FREE WILL & WANTON LUST

Another play that I wrote while working for the Vortex Theater Company. Again, my friends Chuck and Stephanie were wonderful, despite the fact that he was way too old for his part and she was way too young. Frankly, they were seldom right for their parts, but they're talented actors and they understood my writing. They saved many evenings from total disaster.

What's interesting is this was the first play I wrote
in response
to something. I'd read
The Vortex
by Noël Coward and was really fascinated by it. But I also felt that Mr. Coward was constrained by the morality of his time. How's that for presumptuous! I'd claim I was drunk but I don't drink. I can only claim I was young.

Free Will
was also produced at the Woolly Mammoth. Again, a play that started in a showcase grew up to be a hit—and this time it won the Helen Hayes Award for best new play.
Fat Men
had been nominated, but I lost to Athol Fugard. I remember telling a reporter that I was “glad for Mr. Fugard as his
career clearly needed the jump-start an award like this could provide.”
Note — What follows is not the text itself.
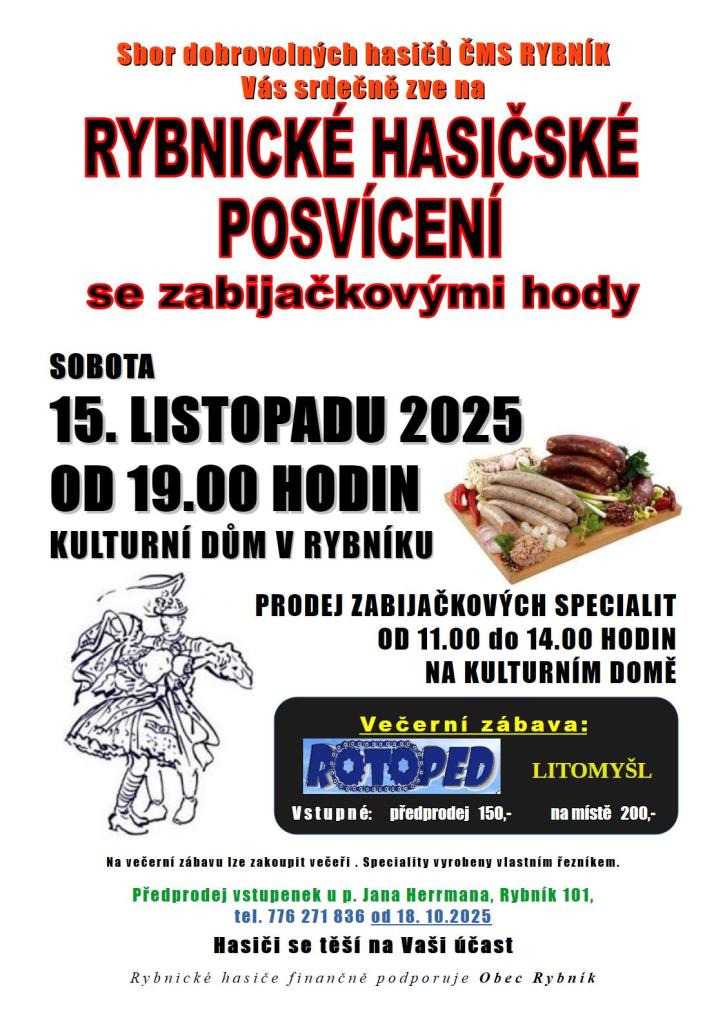 Prodej zabijačkových specialit a večerní zábava.

A word on awards. I've been nominated for a few and won a couple. It's a strange phenomenon. I arrive feeling quite above the fray. I, personally, NEVER think I have the remotest chance of winning, so I adopt an “artists shouldn't compete” attitude. Within five minutes of the evenings commencement, I start to think . . . “What the hell, I could win. You never know.” By the time my category rolls around I'm in a white-knuckled frenzy of competitive zeal, ruthless to win the damn thing! “Let me at MY statue and why is everyone clapping for Terrence McNally!” (By the way, Mr. McNally, Congratulations.)